### Task to carry out
Skip the pictures. Output only the lines below starting at the line with "ایالت است. | ||||||||||||||||||||||||||||||||||||||||||" and ending at the line with "Yesterday, I dug", both ends included, exactly as they are.

(Beginning of Data provided)

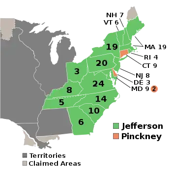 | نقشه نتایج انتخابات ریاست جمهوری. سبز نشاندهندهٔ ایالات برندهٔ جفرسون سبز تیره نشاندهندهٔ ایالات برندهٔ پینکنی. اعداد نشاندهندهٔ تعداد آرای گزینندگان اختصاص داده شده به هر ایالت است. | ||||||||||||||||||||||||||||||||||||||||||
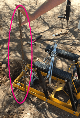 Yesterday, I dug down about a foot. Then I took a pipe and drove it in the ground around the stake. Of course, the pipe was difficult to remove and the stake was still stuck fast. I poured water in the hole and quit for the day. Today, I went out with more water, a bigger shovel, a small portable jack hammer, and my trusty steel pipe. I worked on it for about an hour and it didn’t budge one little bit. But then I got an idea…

(End of Data provided)
(Beginning of Data provided)

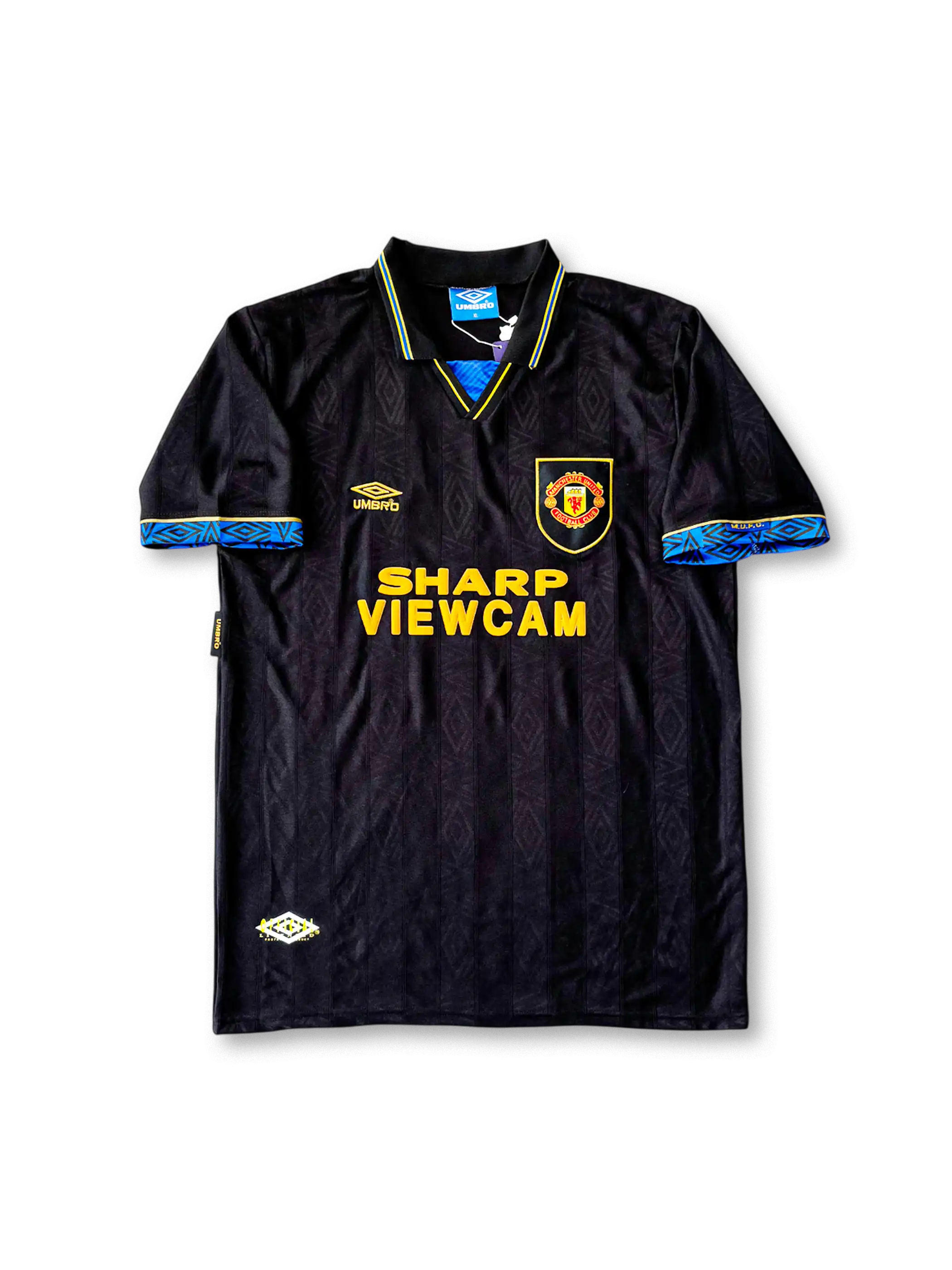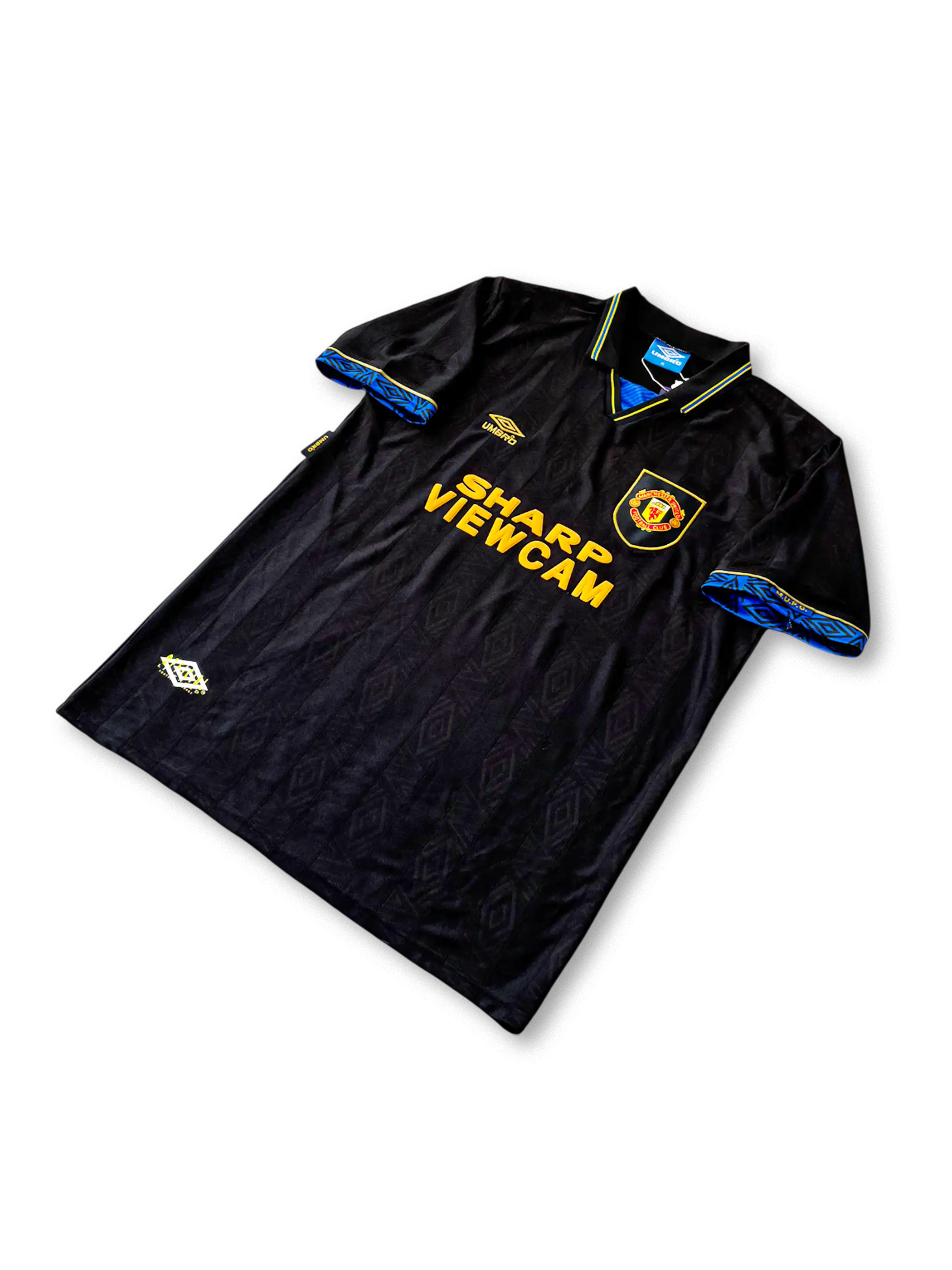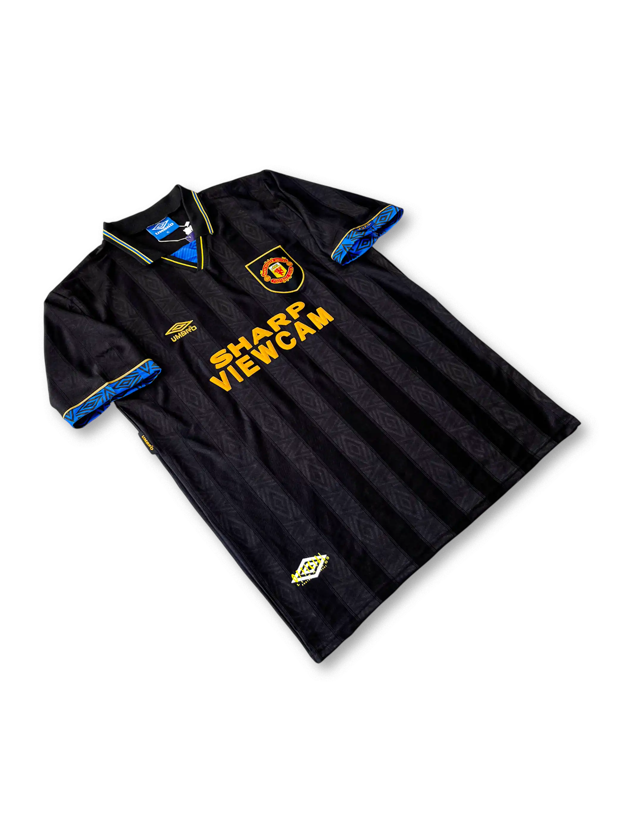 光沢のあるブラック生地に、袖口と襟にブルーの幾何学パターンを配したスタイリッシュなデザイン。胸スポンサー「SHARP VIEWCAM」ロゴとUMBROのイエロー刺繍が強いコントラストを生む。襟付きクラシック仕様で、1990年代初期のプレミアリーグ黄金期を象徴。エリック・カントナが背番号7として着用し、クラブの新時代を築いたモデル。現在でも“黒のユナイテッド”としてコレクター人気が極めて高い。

(End of Data provided)
(Beginning of Data provided)

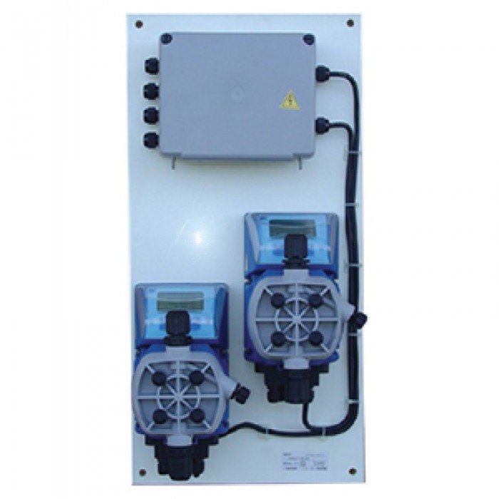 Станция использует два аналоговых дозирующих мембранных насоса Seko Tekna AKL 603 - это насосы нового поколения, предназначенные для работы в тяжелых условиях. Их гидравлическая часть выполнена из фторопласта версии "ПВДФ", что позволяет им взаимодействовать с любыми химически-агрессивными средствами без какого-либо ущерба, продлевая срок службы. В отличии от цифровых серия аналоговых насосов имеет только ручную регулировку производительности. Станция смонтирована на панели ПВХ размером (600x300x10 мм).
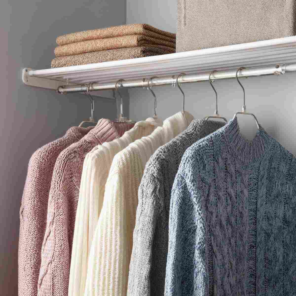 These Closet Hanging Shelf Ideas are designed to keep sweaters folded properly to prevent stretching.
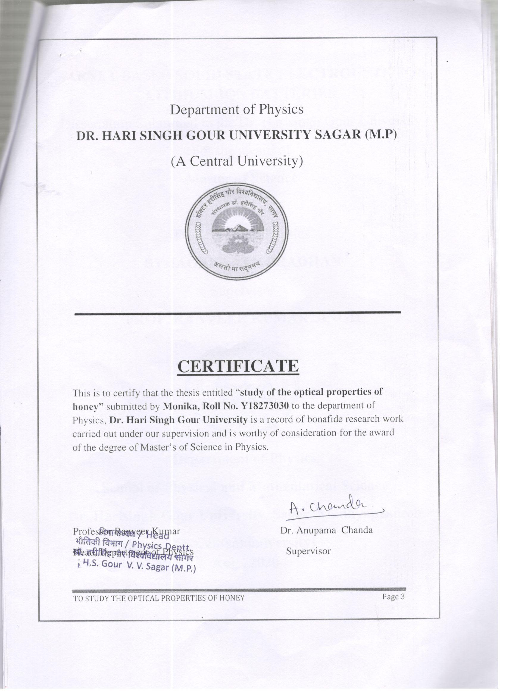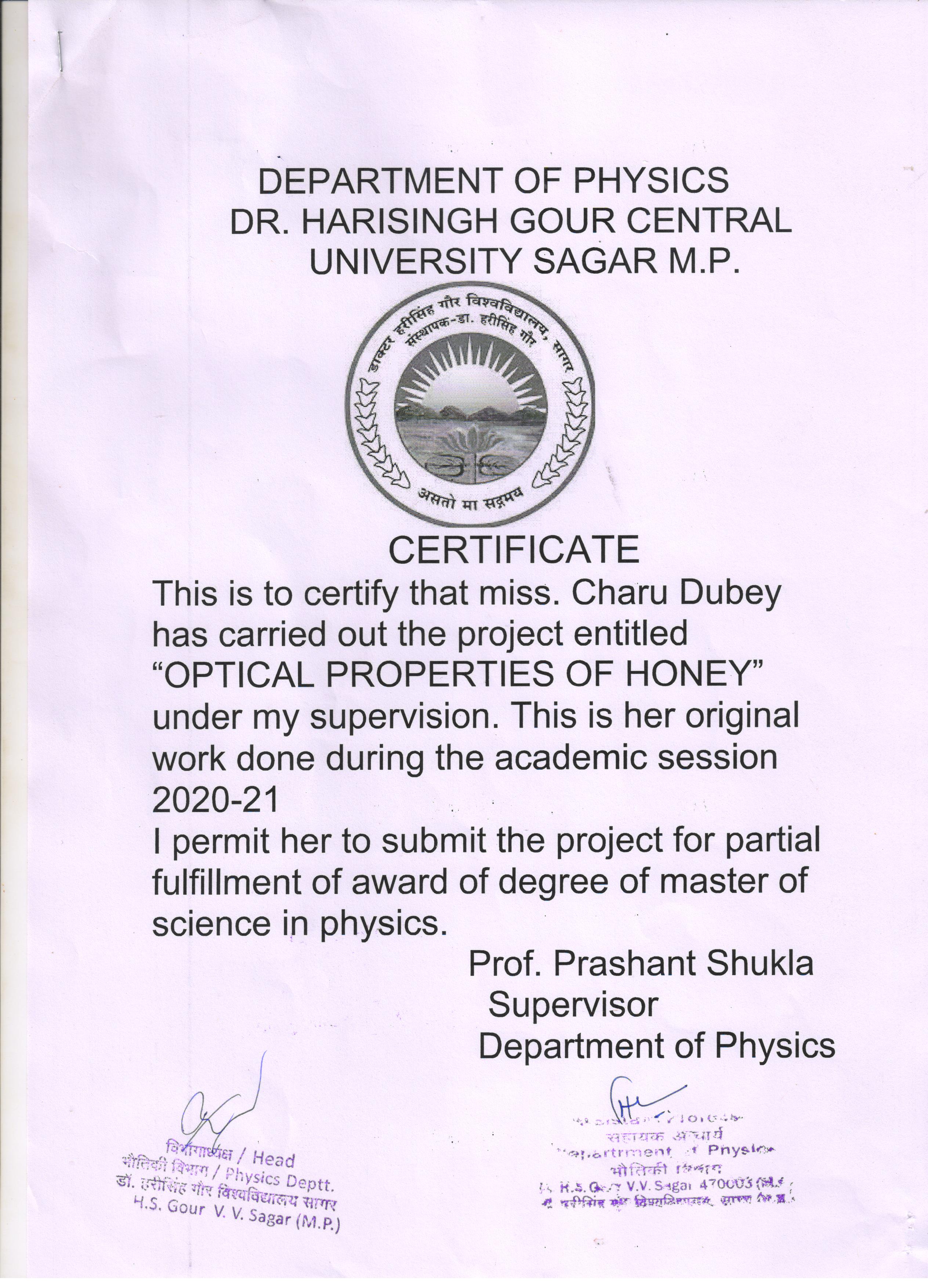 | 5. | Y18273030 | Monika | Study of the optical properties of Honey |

(End of Data provided)

### Task output
 | نقشه نتایج انتخابات ریاست جمهوری. سبز نشاندهندهٔ ایالات برندهٔ جفرسون سبز تیره نشاندهندهٔ ایالات برندهٔ پینکنی. اعداد نشاندهندهٔ تعداد آرای گزینندگان اختصاص داده شده به هر ایالت است. | ||||||||||||||||||||||||||||||||||||||||||
 Yesterday, I dug down about a foot. Then I took a pipe and drove it in the ground around the stake. Of course, the pipe was difficult to remove and the stake was still stuck fast. I poured water in the hole and quit for the day. Today, I went out with more water, a bigger shovel, a small portable jack hammer, and my trusty steel pipe. I worked on it for about an hour and it didn’t budge one little bit. But then I got an idea…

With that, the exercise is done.